На том разговор и завершился. Пришли другие старшие офицеры, глянули на Сина и ушли на первый этаж обсудить ситуацию. Явился и заместитель директора («посмотрел на меня, как гадюка», отметил Син), но ему велели уехать. Когда Сина наконец свели вниз, на ужин ему выдали паек заключенного – соленый суп, горсточку риса и никакого мяса. Появились новые охранники с собаками, и к утру все окна затянули колючей проволокой.
Син пал духом. Он болтался в лимбе; он ждал, что с минуты на минуту его уведут на расстрел. Оба раза, пытаясь бежать, он искренне верил, что добьется успеха. «Мои побеги были как в кино, – годы спустя рассуждал он. – Может, я принимал фантазии за реальность… Но если бы я не попытался бежать, я бы умер от страха, тревоги и одиночества.
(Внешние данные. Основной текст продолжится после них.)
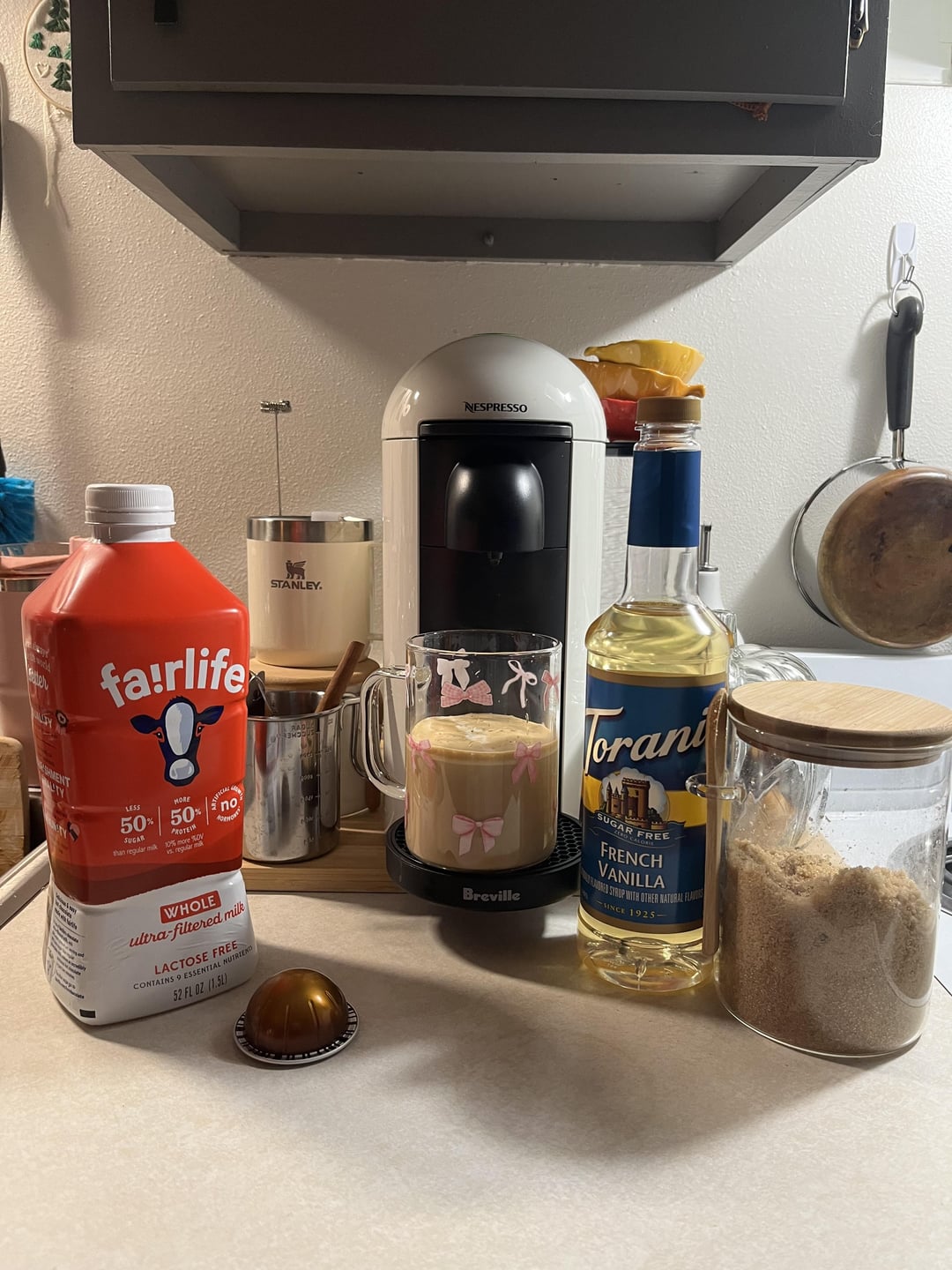 My fav vanilla latte recipe: – Dolce double espresso pod – 2 tbsp of sugar free vanilla syrup – 2 tsp of brown sugar – ~ 1 cup of whole milkClassic and delicious βοΈ I love my little coffee bar! π©· by Cute_Bear333 2 Comments CarobRecent6622 11 months ago Yum!! I have a brown sugar vanilla latte everyday Mysterious_Status_11 11 months ago I’m going to try adding a little bit of brown sugar to mine!Write A CommentYou must be logged in to post a comment.

Неудивительно, что в этой голой реальности, где дни почти пусты, мои фантазии и грезы путались с подлинной жизнью». Спустя двадцать дней после обнаружения Сина приехали два офицера госбезопасности и объявили, что забирают заключенного «туда, где вы ответите за свое преступление». Они меня наконец-то убьют, подумал Син, в наручниках забираясь на заднее сиденье очередного «бенца». Его пожитки швырнули в багажник.
Сина не убили. «Бенц» три часа ехал невесть куда в темноте и выгрузил Сина у дверей грозного здания.
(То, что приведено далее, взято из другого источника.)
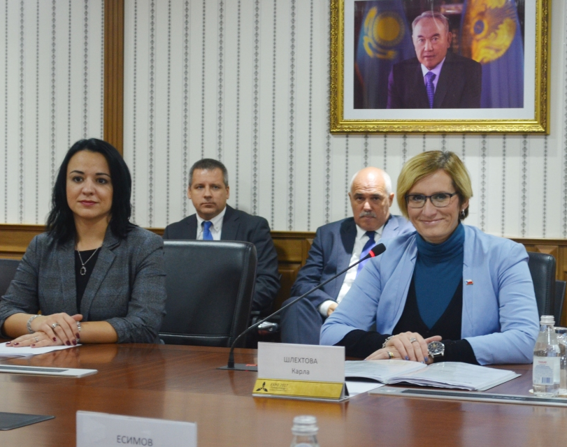 2017年阿斯塔纳世博会国家股份有限公司董事会主席艾哈迈占?叶西莫夫与捷克共和国区域发展部长卡尔拉?什列赫托娃今天在阿斯塔纳进行了一次会议。

Син прибыл в тюрьму номер 6.
Центр сосредоточения – это одно. Тюрьма номер 6, «центр перевоспитания» – совсем другое.
В 1968 году венесуэльского поэта Али Ламеду, приехавшего в Пхеньян переводить на испанский собрание сочинений Ким Ир Сена, признали виновным неизвестно в чем и приговорили, не предъявив никаких улик; шесть лет он провел в тюрьме номер 6, которую знал как «тюрьму Суривон», по названию ближайшего городка. Ламеда писал: «Условия были ужасающие. Одежду и посуду не меняли годами… Заключенный лишен прав, свиданий, личных вещей, сигарет, еды, нельзя читать книги и газеты, нельзя писать… Голод – метод контроля… На мой взгляд, лучше бы били – можно стиснуть зубы и перетерпеть. Постоянно голодать – хуже». Надзиратель рассказал ему, что в тюрьме одновременно содержатся шесть тысяч мужчин и женщин, а то и больше. Тюрьма – «огромное круглое здание с громадным внутренним двором». Ламеда слышал, как в соседних камерах рыдали люди, и впоследствии угрюмо отмечал: «В таких местах вскоре научаешься понимать, плачет человек от страха, от боли или от безумия».
Вот сюда и сослали Син Сан Ока после второй попытки побега. Официально предъявили ему обвинение, приговорили, велели переодеться в тюремное – хлопковое поношенное тряпье, не постиранное после предыдущего «арендатора», – и отвели в тесную, сырую и грязную камеру, где отныне будет его дом. Внутрь пришлось заползать через откидную дверцу на четвереньках. В унитазе кишели тараканы.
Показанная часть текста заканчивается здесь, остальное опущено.